TASK MATERIAL START

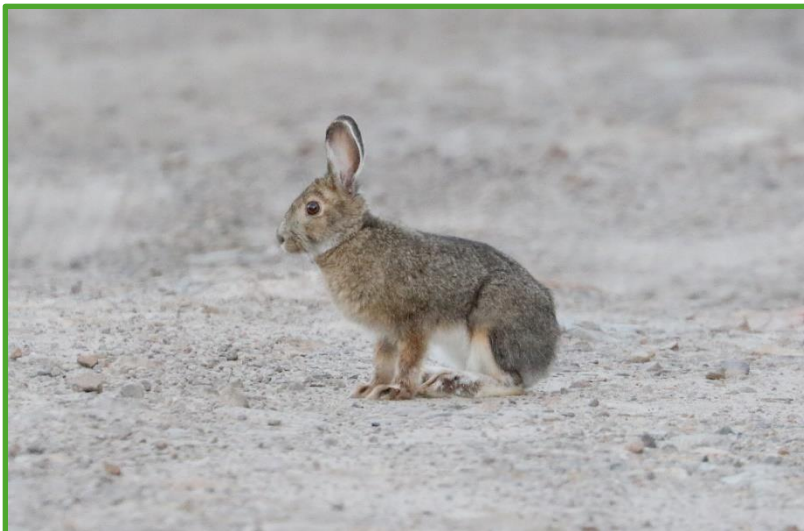
26. Snowshoe Hare – 27
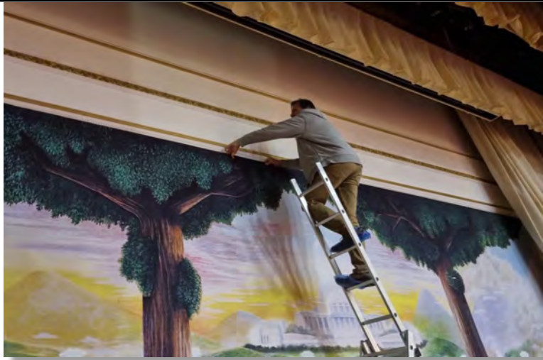
Hanging the backdrop
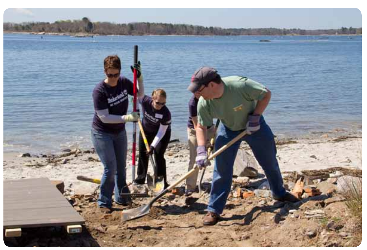
Fort Stark Historic Site

It is important to implement sustainability practices in stewardship plans, including adequate funding and overall financial support for lands, facilities, and programs.
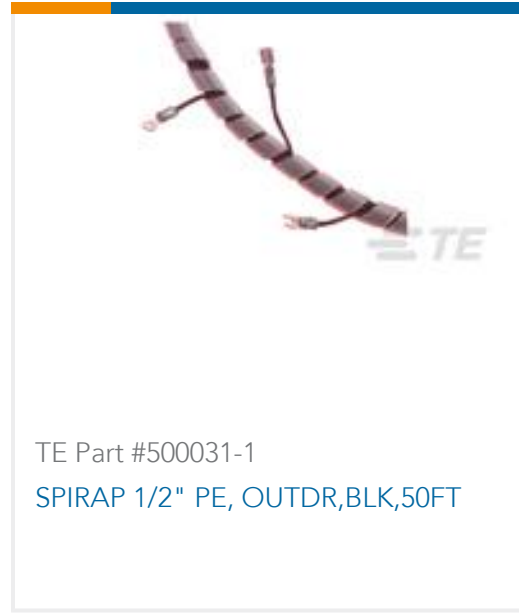
TE Part #500031-1 SPIRAP 1/2" PE, OUTDR,BLK,50FT
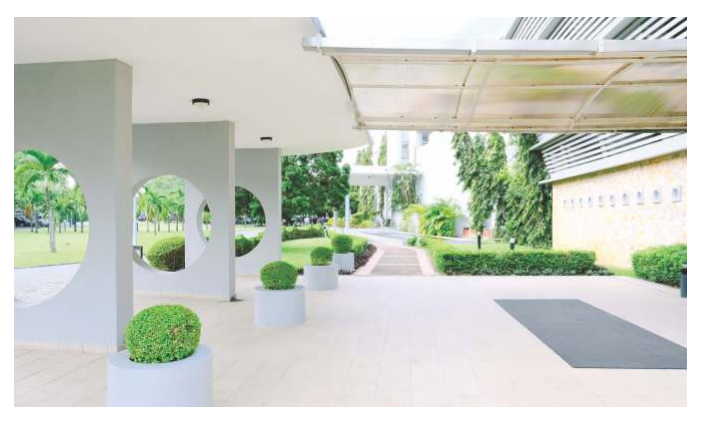
An external view of the Lagos Business School

<u>Adeola, O.</u>, & Evans, O., (2018). Digital health: ICT and health in Africa. Actual Problems of Economics , 8, 69-83.
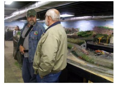
More photos of the model railroad area which fills two rooms.
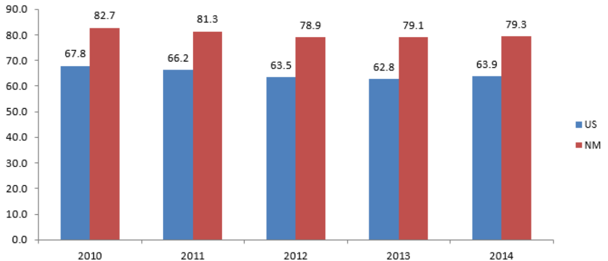
Figure 2 : Per Capita Income of Valencia County as Percent of U.S. and New Mexico, 2010-2014

Total employment in Valencia County was 21,069 in 2014. Total employment in Valencia County decreased by 3.41 percent between 2010 and 2014 compared to the increase experienced statewide (2.20 percent) and nationwide (7.38 percent). The Valencia County employment to population ratio in 2014 was 0.28. New Mexico's 2014 employment to population ratio was 0.52 and the nation's ratio was
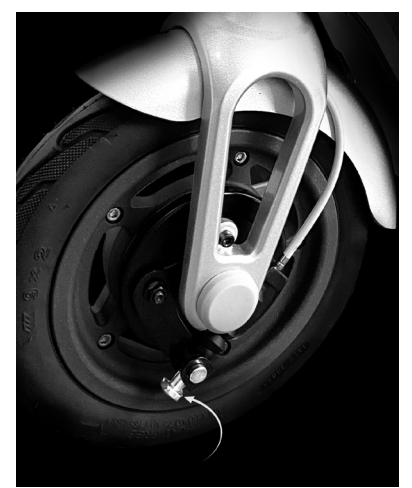
Figure 3. Fasten Counterclockwise
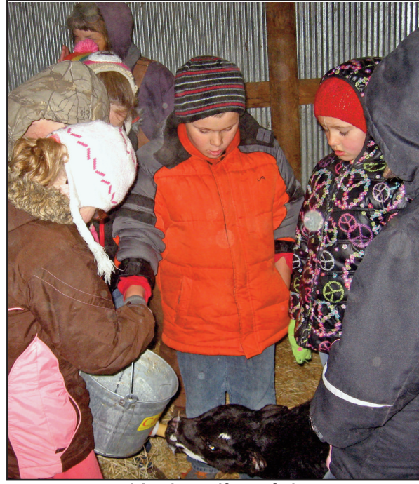
A bucket calf gets fed.
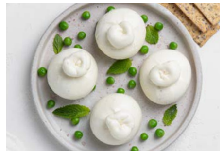
MINI BURRATA 60g Decadent mozzarella filled with stracciatella
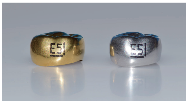
Fig. 1. Titanium-nitride coated crown (left) and stainless steel crown (right).

Ten TiNCs and 10 SSCs were used for the hardness test. Crowns were embedded in self-cured acrylic resin (Pace technologies, Arizona, USA) with the occlusal surface up. For convenience, crowns were buried in groups of 3, 3, and 4 for each crown type. A cylinder shape of the specimens was sized 30.0 mm in diameter and 18.0 mm in height. The surface was ground by sandpaper grip 400 (Buehler, Illinois, USA) until the occlusal surface was visible. Then the surface was ground by sandpaper grip 600 and 800 sequentially. At least 3 parts apart from each other were exposed on the occlusal surface (Fig. 2). Each exposed part was at least 2.0 × 2.0 mm. The prepared surface was finally polished with 3 μm diamond suspension (Buehler, Illinois, USA).

TASK MATERIAL END

Restate only the lines running from the start of the material above through the line containing "Figure 2 : Per", ends included. No pictures.

26. Snowshoe Hare – 27
Hanging the backdrop
Fort Stark Historic Site

It is important to implement sustainability practices in stewardship plans, including adequate funding and overall financial support for lands, facilities, and programs.
TE Part #500031-1 SPIRAP 1/2" PE, OUTDR,BLK,50FT
An external view of the Lagos Business School

<u>Adeola, O.</u>, & Evans, O., (2018). Digital health: ICT and health in Africa. Actual Problems of Economics , 8, 69-83.
More photos of the model railroad area which fills two rooms.
Figure 2 : Per Capita Income of Valencia County as Percent of U.S. and New Mexico, 2010-2014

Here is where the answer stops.